Data for this task below:
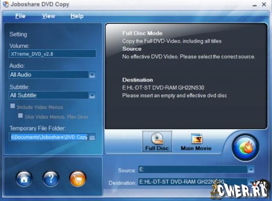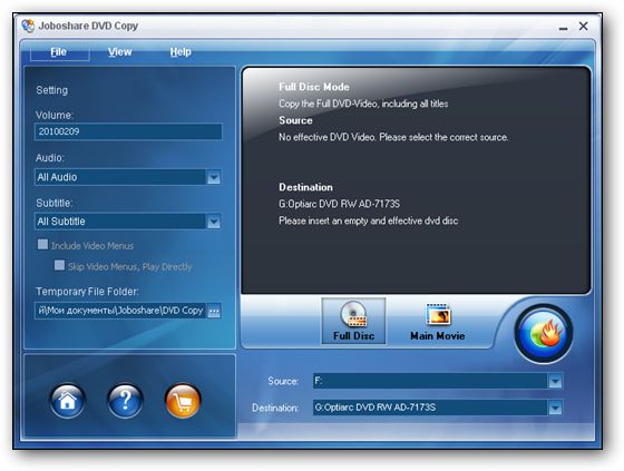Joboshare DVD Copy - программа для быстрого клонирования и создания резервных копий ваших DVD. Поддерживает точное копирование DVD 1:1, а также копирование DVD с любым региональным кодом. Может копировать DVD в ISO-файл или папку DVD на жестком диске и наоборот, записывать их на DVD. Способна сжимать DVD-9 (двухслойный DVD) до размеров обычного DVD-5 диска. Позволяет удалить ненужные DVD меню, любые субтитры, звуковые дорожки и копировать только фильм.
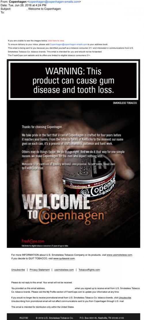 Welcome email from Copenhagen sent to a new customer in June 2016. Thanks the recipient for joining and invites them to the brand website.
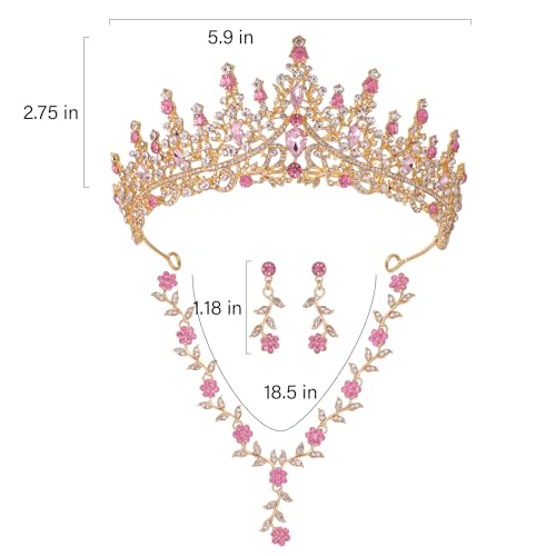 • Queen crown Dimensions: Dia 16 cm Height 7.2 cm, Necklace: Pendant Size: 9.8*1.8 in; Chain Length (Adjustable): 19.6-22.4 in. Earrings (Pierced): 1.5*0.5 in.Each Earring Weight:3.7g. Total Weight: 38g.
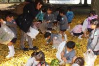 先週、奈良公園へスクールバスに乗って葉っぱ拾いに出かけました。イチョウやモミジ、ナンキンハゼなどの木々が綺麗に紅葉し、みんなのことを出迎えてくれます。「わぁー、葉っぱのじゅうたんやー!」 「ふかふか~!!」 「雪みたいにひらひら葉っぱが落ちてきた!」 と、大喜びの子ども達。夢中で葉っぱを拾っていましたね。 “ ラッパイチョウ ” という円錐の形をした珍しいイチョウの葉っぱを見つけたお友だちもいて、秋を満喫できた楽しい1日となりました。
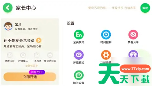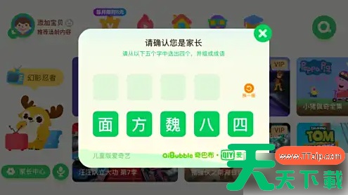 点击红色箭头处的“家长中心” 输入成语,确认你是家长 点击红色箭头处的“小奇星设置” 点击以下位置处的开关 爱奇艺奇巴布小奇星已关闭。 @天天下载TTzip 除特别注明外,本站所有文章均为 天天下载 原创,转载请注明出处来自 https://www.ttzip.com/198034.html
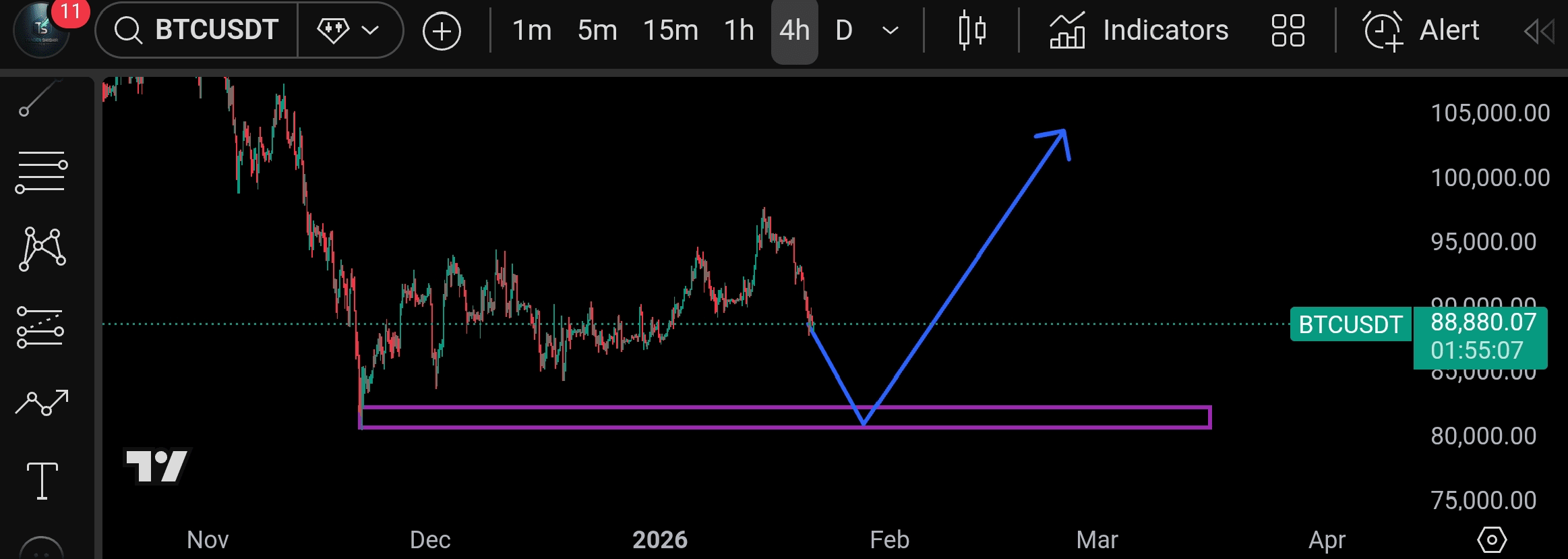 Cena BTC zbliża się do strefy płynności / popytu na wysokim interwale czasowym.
End of Data for this task.
> Your goal
Print the material above exactly as it appears, but not its pictures.

> Answer space
Joboshare DVD Copy - программа для быстрого клонирования и создания резервных копий ваших DVD. Поддерживает точное копирование DVD 1:1, а также копирование DVD с любым региональным кодом. Может копировать DVD в ISO-файл или папку DVD на жестком диске и наоборот, записывать их на DVD. Способна сжимать DVD-9 (двухслойный DVD) до размеров обычного DVD-5 диска. Позволяет удалить ненужные DVD меню, любые субтитры, звуковые дорожки и копировать только фильм.
 Welcome email from Copenhagen sent to a new customer in June 2016. Thanks the recipient for joining and invites them to the brand website.
 • Queen crown Dimensions: Dia 16 cm Height 7.2 cm, Necklace: Pendant Size: 9.8*1.8 in; Chain Length (Adjustable): 19.6-22.4 in. Earrings (Pierced): 1.5*0.5 in.Each Earring Weight:3.7g. Total Weight: 38g.
 先週、奈良公園へスクールバスに乗って葉っぱ拾いに出かけました。イチョウやモミジ、ナンキンハゼなどの木々が綺麗に紅葉し、みんなのことを出迎えてくれます。「わぁー、葉っぱのじゅうたんやー!」 「ふかふか~!!」 「雪みたいにひらひら葉っぱが落ちてきた!」 と、大喜びの子ども達。夢中で葉っぱを拾っていましたね。 “ ラッパイチョウ ” という円錐の形をした珍しいイチョウの葉っぱを見つけたお友だちもいて、秋を満喫できた楽しい1日となりました。
 点击红色箭头处的“家长中心” 输入成语,确认你是家长 点击红色箭头处的“小奇星设置” 点击以下位置处的开关 爱奇艺奇巴布小奇星已关闭。 @天天下载TTzip 除特别注明外,本站所有文章均为 天天下载 原创,转载请注明出处来自 https://www.ttzip.com/198034.html
 Cena BTC zbliża się do strefy płynności / popytu na wysokim interwale czasowym.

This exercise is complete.